I`m the only one who wanted to go. Two of the Clampitts flat refused. One actually had a good excuse being that he is living in Canada at the moment. The other got a lecture on culture, missed opportunities, and a stern warning not to blame me for not seeing the Terracotta Warriors in therapy later. The last Clampitt accused me of over packing the agenda, “Like you always do.” The travel agent was skeptical- but he didn`t understand that a fast walker with a short attention span cuts an agenda in half.
Offspring #2 and I marched toward China. In her case, it was a forced march. As much as she enjoys her time at the pottery wheel, I couldn`t get her to rally any interest around these fellows. We connected and flew an additional two hours to Xi` An. Home of the Terracotta Warriors.
Raise your hand if you`d never heard of Xi`An (pronounced Shee Ann) before you saw this. This city we`d never heard of is as big as New York City. Population 8 million. It`s all under construction. (Beijing is 20 million, Hong Kong 7 million)
An hour from Xi` An is the excavation site of the Warriors. In the 1970`s some farmers were digging a well and happened to dig in to the very corner of 8,000 buried life-sized Terracotta Warriors.
Fearing they`d unearthed a Zombie apocalypse, they commenced to hashing and slashing. They soon realized these zombies were not the fighting sort and took a closer look. Unfortunately for them, they had dug up something significant on their now former farm.
A mere 2,200 years ago, Emperor-Qin Shi Huang, the first Emperor of China and the first to unify it commissioned the creation of the warriors.

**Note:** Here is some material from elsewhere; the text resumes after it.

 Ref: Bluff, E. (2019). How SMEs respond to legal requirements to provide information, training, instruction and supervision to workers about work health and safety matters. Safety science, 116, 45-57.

They took 37 years to complete.
The museum was built over the excavation site. 1,000 of the soldiers were uncovered however, the rest remain buried. Each soldier is unique and painted to be lifelike, however, upon exposure to air the paint disintegrates. At this point the technology doesn`t exist to prevent the degradation of the paint so the remaining 7,000 will stay buried until they can be excavated safely. Since they are different, I guess you can`t say if you`ve seen one you`ve seen them all.

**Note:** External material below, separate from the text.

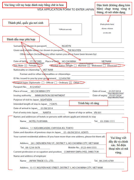 Cách điền đơn Xin Visa Nhật Chuẩn Xác - VietNam Booking

A picture from the Travel Book shows how they looked painted.
The Warriors are lined up in battle formation. Or so I was told. Infantry in the front. Further down the line, soldiers wear armor. That`s all I can recall of that conversation. Something else about horses being in a certain spot, and guardsman in another, and maybe certain people face different directions? Each also had weapons however, most were stolen during the last two millennia. Anyway, I`d prefer not to give away any Chinese military secrets as their military police are the scariest most bad ass dudes I`ve ever seen anywhere and I`m still afraid. Here. My lips are sealed.

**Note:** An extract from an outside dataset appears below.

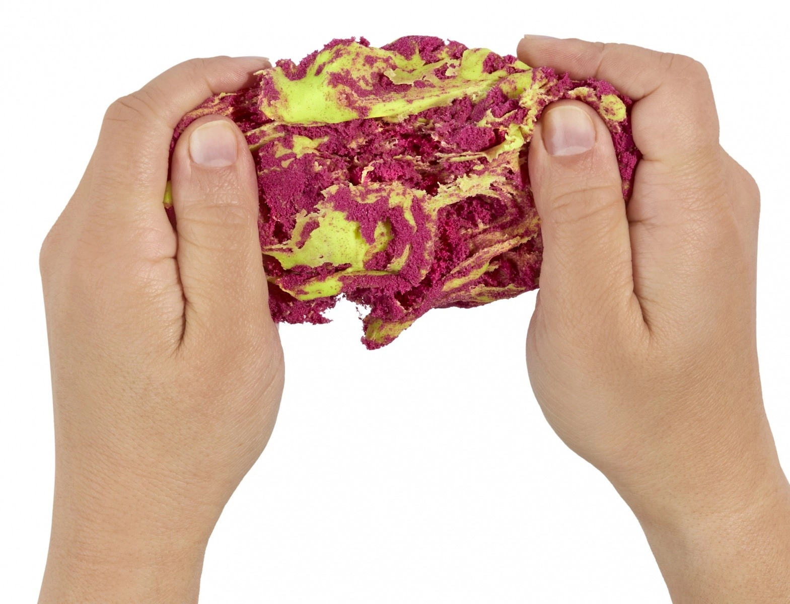 Két kontrasztos textúra élénk színekben – sima, rugalmas gyurma és strukturált homok a végtelen formázáshoz és szenzoros játékhoz.

Generals are stationed at the corners. (Our little secret)
Interesting mane arrangements.
The reins are long gone.
This is how they originally looked.
Two sets of bronze chariots and horses were unearthed.
Following are pictures from the “Valiant Imperial Warrior 2200 Years Ago” Guide which highlights the level of detail on each warrior.
Hair Tips. I did this over the weekend and it came out really nice.
Surprisingly well manicured.
I sprung for the autographed copy. Naturally the farmer just happened to be on a “break” when I was in the gift shop. Probably a bunch of ladies in the back signing these.
After all these years, still happy to pose with tourists.